The river itself seemed to favour the prosperity of Antwerp, as if proud and eager to become the handmaiden of so valiant and beautiful a city, for the western entrance of the Scheldt gradually deepened at about this period—from causes that in those days no one tried to understand. This gave the port a deep channel to the sea to accommodate the growing draught of ocean-going ships. The discoveries of Columbus and Vasco da Gama helped the port also. Until then Venice had enjoyed a monopoly of the sugar trade of the East. Now it came sea-borne to Antwerp, and the formerly profitable overland sugar trade between Venice and Germany was ruined. This caused the Portuguese to establish a factory at Antwerp. The Spaniards followed, while the English and Italians enlarged their warehouses.

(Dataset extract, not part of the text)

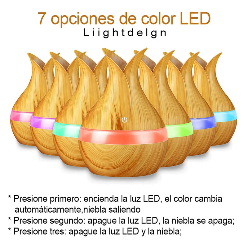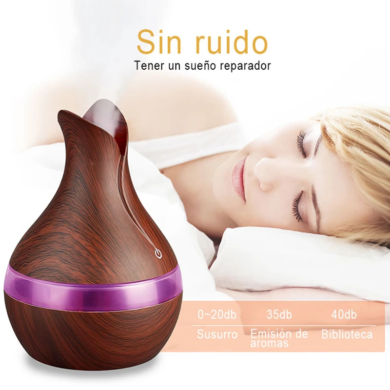 . (35% Off) Comprar KBAYBO 300ml USB humidificador de aire aromático difusor de aceite esencial fabricante de niebla fuerte grano de madera con 7 colores LED luz nocturna para el hogar Online Baratos.

Several great German trading houses opened premises in the city, although the Hanseatic League did not abandon Bruges for Antwerp until 1545—being the very last to go.
While the decline of Bruges led the painters of that city to desert it for its fast-growing rival on the Scheldt, Quentin Matsys, the greatest of the early Antwerp artists, does not seem to have derived much of his inspiration from the masterpieces of the Bruges school. The early chronicles give a most romantic account of the life of this painter, who was born at Louvain about 1466. According to these more or less legendary stories he was at first a blacksmith, and changed to a painter through love for a damsel whose father was a great patron and admirer of that art. Another account has it that he took up painting owing to illness, first colouring images of the saints such as were then given to children during the carnival. Blacksmith he certainly was, as his father had been before him, and the wonderful cover for the well in front of the cathedral is his handiwork. It seems probable, however, that he first learned the art of painting at Louvain, probably as an apprentice to the son of Dierick Bouts. At Antwerp he soon fell in love with a beautiful girl, who may have been the model for some of his charming Madonnas. The story is told by one old chronicler that the maiden’s father opposed the match because the young suitor was not a sufficiently skilful artist. On a certain occasion Matsys, finding his intended father-in-law out, painted a fly on one of the figures in a painting belonging to him. On his return the owner of the painting started to brush the fly off and, seeing his mistake, heartily admitted that the young artist who had painted it merited all praise and gave his consent to the nuptials.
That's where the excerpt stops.